Team captain and ambassador to all that is good and holy Matt Moore paced AMW with more than a dozen catches and a stellar stint at safety on defense, earning MVP honors and forgiveness for naming the teams after what surely is some retarded wrestling reference. He caught the game's opening touchdown on a 4,637-yard bomb by Father Scott Priest. The pass, clocked at 569 miles per hour and producing 12 billion joules of energy, was said to have disrupted radar signals at Logan Airport and produced a sonic boom that struck a 400-mile-wide crater in one of Jupiter's moons. But that was said by Priest, so, you know, take it for what it is.


America's Most Wanted: Awesome former TNA tag team (James Storm, Chris Harris, and Gail Kim) AND retarded wrestling reference.

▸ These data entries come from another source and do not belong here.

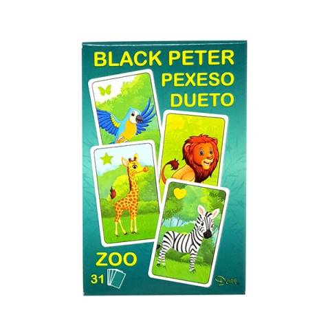 A játék 31 lapból áll, amelyek 15 párra vannak osztva, amelyek mindegyikét azonos karakterrel jelöltük. Csak egy kártya különbözik a többitől, és ez a fekete Péter. Az, aki először fogja a párokat kirakni, az nyer. Akinek a fekete Péter marad az veszí
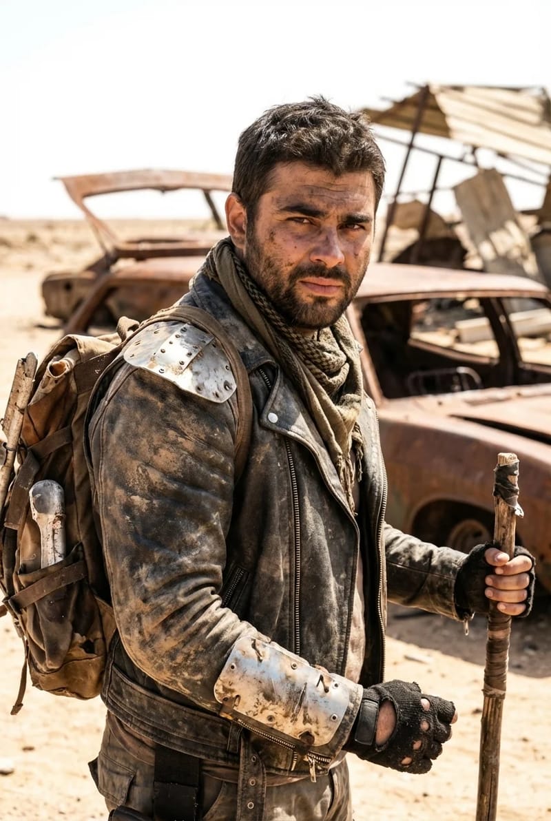 The 'Dust & Chrome' aesthetic is born from the powerful juxtaposition in its name. The "Dust" represents this new, primal world: the gritty, sun-scorched desert, the crumbling ruins of cities, and the rusted-out metal husks of forgotten machines. The "Chrome" represents the ghost of the high-tech, pre-cataclysm past. It is the scavenged, misunderstood, and often broken technology that survivors wear as makeshift armour, tribal trophies, or jury-rigged weapons. The style is therefore a "scavenger aesthetic," where nothing is new, and every object is a repurposed relic, creating a portrait of a hardened survivor defined by both the world's end and the fading chrome of the world that was.
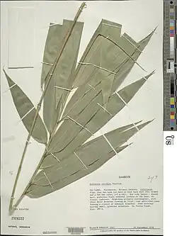 Culm sheath is green in young plants, the straw becomes colored when mature. Culm sheath is triangular and broad at base, curved downwards at the tip. The sheath is small and narrow-lengths of sheath proper 10–15 cm long and 4–8 cm wide. Auricles are small and sickle-shaped. Upper surface of the culm sheath is hairy and lower surface is without hairs. Sheaths are persistent.

AMW clamped down on D and then quickly added two more scores; by the time Laura "the Gisele to Just Glaze's Tom Brady" Casasanto signaled the end of the first quarter it had the makings of a blowout with AMW up 19-0. But Nick "so this is how Redskins players feel, huh?" Fox would not be shut out, composuring his team to a TD to get on the scoreboard before the half.

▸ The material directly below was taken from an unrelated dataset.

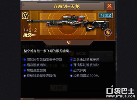 AWM—天龙是一把结合了之前多把awm系列枪支优点的一把枪,拥有高精准、高便携、高稳定的一把神器,在英雄级武器中可以算的上数一数二的。同时AWM—天龙有着非常霸气的涂装,不时的向世界述说着其的霸气。我推荐玩家们如果可以的话,入手这把枪,这是一把不错的awm,狙击必备神器啊!

The second half was marred by cute dogs and families of twelve crossing the field. Joanna "I half-assed the combine" Douillette managed to overcome her puppy love and haul in the longest touchdown of the day, a screen pass that turned into a 55-yard TD. Douillette promptly dropped the ball, hopped the nearest fence, stole a neighbor's dachsund, and bolted for the parking lot. She is unlikely to be heard from again.

Douillette was flanked on the line by Moore, Adam, and Susie "Gooztastic" Harding, who prided herself on being a decoy and wearing University of Miami gear. We could not confirm whether this was Miami of Ohio or Florida at press time, but Wally Szczerbiak was seen loitering in the parking lot with his fingers crossed.

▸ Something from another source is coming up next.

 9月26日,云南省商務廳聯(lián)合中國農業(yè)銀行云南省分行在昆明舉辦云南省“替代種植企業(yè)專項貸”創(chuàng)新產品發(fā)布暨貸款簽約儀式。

Sean "Badass Last Name" Warnock made the highlight play of the day with a one-handed grab across the middle that he turned into a first down. "I just do what I do, motherfuckers," the stoic Warnock was quoted as saying. Or rather, I imagined it. Warnock escaped many a quick tackle by planting his feet and reversing direction abruptly after catching passes. He has a 9:30 a.m. conference call with Joe Lauducci to discuss the merits of this method.

Rescue! 911 was led by newcomers Brandon "Remember ME?!?!?!?!" Mackenzie and Jason "Scott doesn't know me well enough so I am nicknameless" Henry, who took turns quarterbacking. Henry won the QB race, helming the position at the end of the game, but Mackenzie dismissed the competition by saying, "He just got my sloppy seconds, bro."

"Since Davin Wilfrid sucks, Jason may very well continue to be the second QB we use in WISFFL," said league co-chairman Fox. "He really spread it wide, and he was able to adjust based on penetration."

Steph "Diesel" Smith continued the bruising line play she demonstrated this winter, tearing past Douillette and being all up in the Padre's grill-piece on most AMW completions plays. She played as rough as everyone was comfortable with, without, you know, being weirded out. Without Eric Warner there to bodyslam her, she continued undeterred, grinding all through the game.

The AMW defense swallowed usual breakout player Sean Edwards, who even failed to get off a quality pop culture reference. Eleven female Dorchester residents confirmed that this was not the first time Edwards failed to get off.

"I couldn't shake all the 'that's what she said' jokes," said Edwards. "Everyone really psyched me out by making their own obvious jokes, I just couldn't join in on the fun."

AMW's defense -- a hybrid of the '08 Celtics, the '85 Bears, and a Venus fly trap -- put in one of the strongest performances in WISFFL history. "We have to credit Matt Moore and his incredible game plan," said the Padre, who registered a game-high nine incidental (as far as you know) crotch-grabs. (Hey, Lauren!)

Babydaddy Renda left the game early with a bruised ego motorcycle.

Lauren Bonneau provided a spark of offense to the Rescue! 911 cause, reeling in a couple of screen passes and scampering for YAC. Yes, scampering.

By the time it was all over, Cara Bradley's abacus read 47-18 and Alissa Nelson sent Ken Scott-Nelson a text message that read "U no ur my 2nd fvrte. Ill b w/ Scott 2nite, c u 2morrow."

AMW went hard for the entire hour and a half and, when everyone came together at the end, exclaimed in exultation.